An electric field,$\overrightarrow{\mathbf{E}}$with an average magnitude of about$\mathbf{150}\frac{\mathbf{\text{N}}}{\mathbf{\text{C}}}$points downward in the atmosphere near Earth’s surface.We wish to “float” a sulfur sphere weighing$\mathbf{4}\mathbf{.4}\mathbf{\text{N}}$in this field by charging the sphere. (a) What charge (both sign and magnitude) must be used? (b) Why is the experiment impractical?

a) Average magnitude of the electric field $E_{avg}=150\frac{\text{N}}{\text{C}}$.

b) Weight of sulphur sphere $W\left(orF\right)=\text{4.4\hspace{0.17em}N}$.

Using the concept of the electric field, determine both the sign and the magnitude of the charge using the given data. Again, using the same concept, determine the reason for the experiment being impractical.

The electrostatic force acting on the particle is as follows:

$\overrightarrow{F}=q\overrightarrow{E}$ …… (i)

Here, $qq$is the charge of the particle (including its sign) and$\overrightarrow{E}$is the electric field that other charges have produced at the location of the particle.

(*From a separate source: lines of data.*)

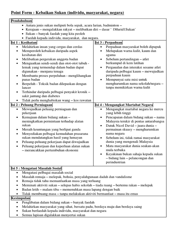 Point Form Kebaikan Sukan Kepada Individu Masyarakat Dan Negara
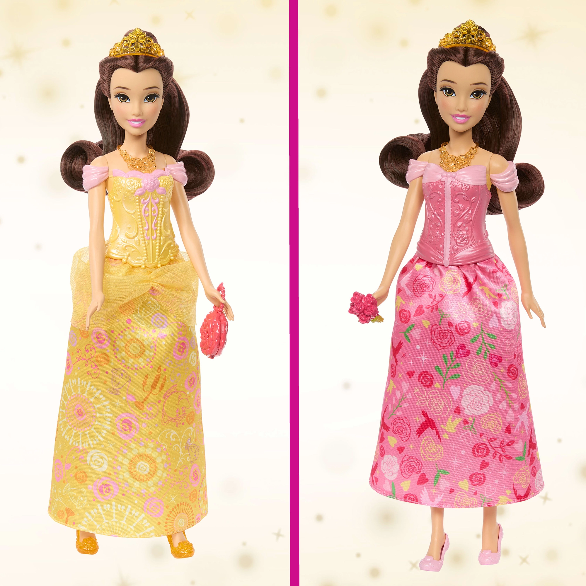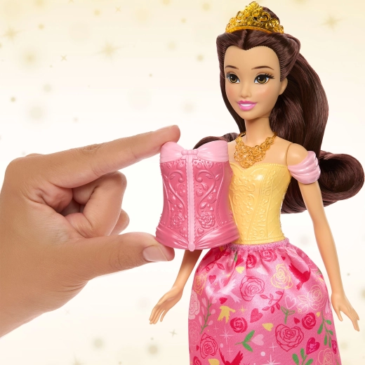 Lutka nudi laku promjenu izgleda – jednostavno zamijenite korzet i suknju i od poslijepodnevnog druženja nastaje čarobni bal. Dugu kosu moguće je češljati i ukrašavati tijarom, dodaci potiču igru uloga, a zahvaljujući zglobnim točkama Belle lijepo pozira u svakoj avanturi.
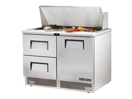 True Refrigeration Prep Table 18x 1/6 Top Pans 2 Drawers + 1 Solid Swing Door - TFP-48-18M-D-2-HC
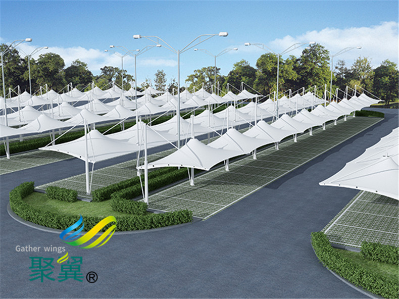 從膜結(jié)構(gòu)的面積、預(yù)應(yīng)力等來(lái)挑選技術(shù)參數(shù)適宜的膜結(jié)構(gòu)遮陽(yáng)雨棚PVC膜材膜材、使膜材即能滿意膜結(jié)構(gòu)建筑需要,又不會(huì)形成浪費(fèi)。
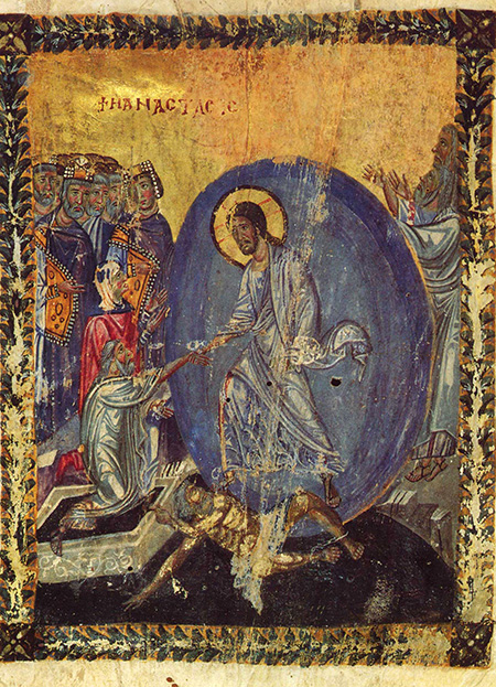 История искусств не знает ни одного памятника более раннего Хлудовской Псалтири, где бы был изображен Христос, восстающий из Гроба. Но подобные изображения встречаются в византийских рукописях IX–XI века: в Псалтири IX века монастыря Пантократор (Воскресение Христа. Миниатюра. IX век. Псалтирь Пантократора. Athos, Pantokr. 61. Монастырь Пантократор, Афон, Греция; Царь Давид предсказывает воскресение Христа. Миниатюра. Псалтырь Пантократора. IX век. Афон, Греция), в Псалтири Барберини XI века (Воскресение Христа. Миниатюра. Псалтирь Барберини. XI век. Barb.gr. 372, f. 49v. Апостольская библиотека Ватикана), в Псалтири Теодора XI века (Воскресение Христово. Миниатюра. Псалтирь Теодора. Ms 19352. Константинополь. XI век. Британская библиотека, Лондон).

The magnitude of the electric field is as follows:

$E=\frac{q}{4\pi {\epsilon }_o{R}^2}$ ……. (ii)

Here,

$R$= The distance of field point from the charge

$q$= charge of the particle

To float the sphere, we have to apply upward force that is equal to gravitational force or weight of the sphere. The force on the charge due to electric field is product of electric field and charge. The sign of charge decides the direction of the force. The given electric field is pointing downward direction. Therefore, to create a force in the upward direction, we should have a negative charge on the sphere. The magnitude of the charge is found by working with the absolute value of equation (i) as:

$\begin{array}{c}\left|q\right|=\frac{F}{E}\\ =\frac{4.4\text{N}}{150\text{N}/\text{C}}\\ =0.029\text{C}\end{array}$

Hence, the value of the charge is.$-0.029\text{C}$

Since, the mass of the sphere is given as:

$m=\frac{F}{g}$

Substitute the values and solve as:

$\begin{array}{c}m=\frac{4.4\text{N}}{9.8\text{m}/{\text{s}}^2}\\ =0.45\text{kg}\end{array}$

From the density of sulphur$(2.1\times {10}^3\text{\hspace{0.17em}kg}/{\text{m}}^3)$ ,find the radius of the sphere as follows:

$\begin{array}{c}{\rho }_{sulfur}\left(\frac{4}{3}\pi r^3\right)=m_{sphere}\\ r={\left(\frac{3m_{sphere}}{4\pi {\rho }_{sulfur}}\right)}^{\frac{1}{3}}\\ =0.037\text{m}\end{array}$

Now use the equation (ii), to find the electric field using the above data:

$\begin{array}{c}E=\frac{(9\times {10}^9\text{kg}\cdot {\text{m}}^3/{\text{s}}^2\cdot {\text{C}}^2)\left(0.029\text{C}\right)}{{\left(0.037{\text{m}}^2\right)}^2}\\ =1.90\times {10}^{11}\text{\hspace{0.17em}N}/\text{C}\\ \approx 2\times {10}^{11}\text{\hspace{0.17em}N}/\text{C}\end{array}$

The quantity of the electric field is too large. It will be very difficult to maintain this high electric field in the air. Also, with this large electric field, as the repulsive forces would explode the sphere.

Thus, the large value of the electric field makes the experiment too impractical.